With the exception of the pictures, write out the data below precisely.
Top of Information provided
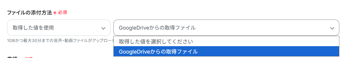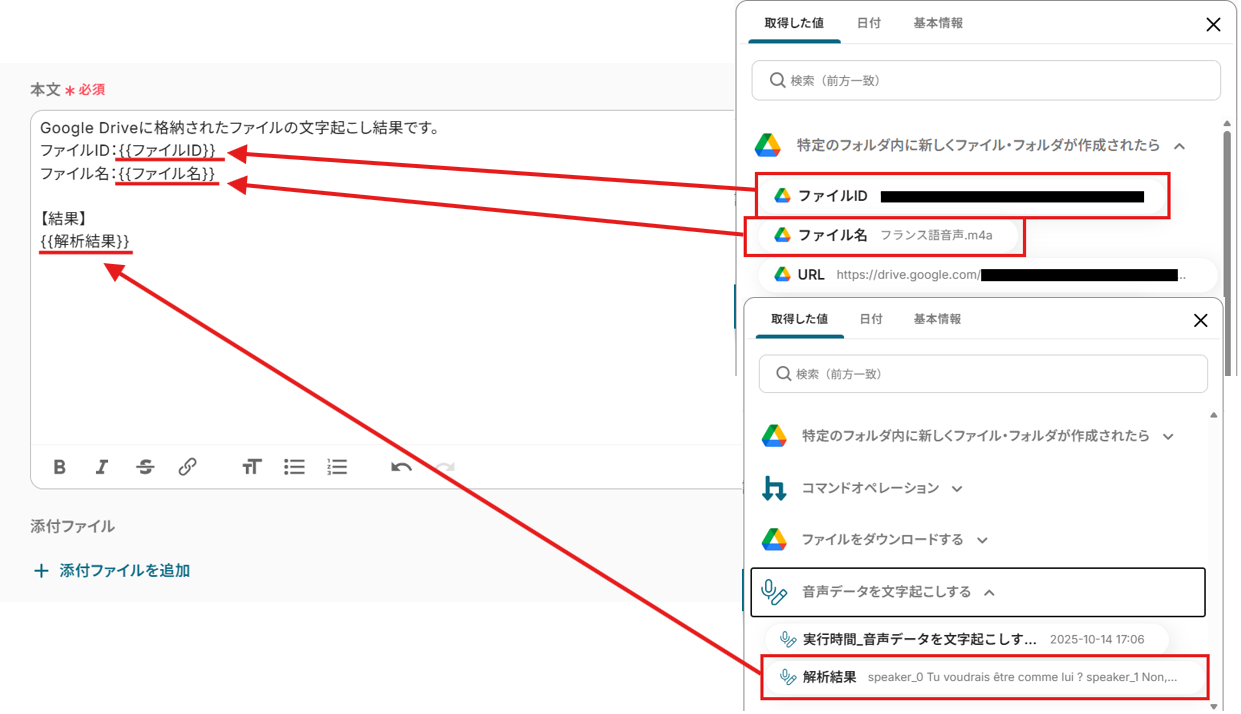 2.API接続設定を行います。 「ファイルID」は、入力欄をクリックして表示される取得した値から、文字起こしを行う音声ファイルを選択 してください。 取得した値を活用することで固定値ではなく、トリガーが実行されるたびに最新の情報が反映できます。
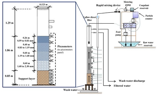 The upflow direct filtration experiments were conducted in a pilot plant. The upflow pilot filter had a total height of 4.0 m with sand medium depth of 1.86 m over a 0.85 m support layer. The sand medium consisted of four sub-layers with the granulometric characteristics proposed by Sens et al. [] (Figure 1).
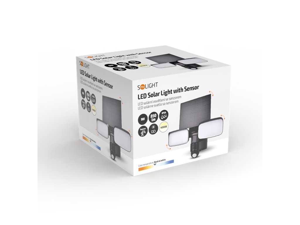 Solight LED solárne svetlo so senzorom, 9W, 850lm, 4000K, Li-Ion, čierna
Bottom of Information provided
Your solution →
 2.API接続設定を行います。 「ファイルID」は、入力欄をクリックして表示される取得した値から、文字起こしを行う音声ファイルを選択 してください。 取得した値を活用することで固定値ではなく、トリガーが実行されるたびに最新の情報が反映できます。
 The upflow direct filtration experiments were conducted in a pilot plant. The upflow pilot filter had a total height of 4.0 m with sand medium depth of 1.86 m over a 0.85 m support layer. The sand medium consisted of four sub-layers with the granulometric characteristics proposed by Sens et al. [] (Figure 1).
 Solight LED solárne svetlo so senzorom, 9W, 850lm, 4000K, Li-Ion, čierna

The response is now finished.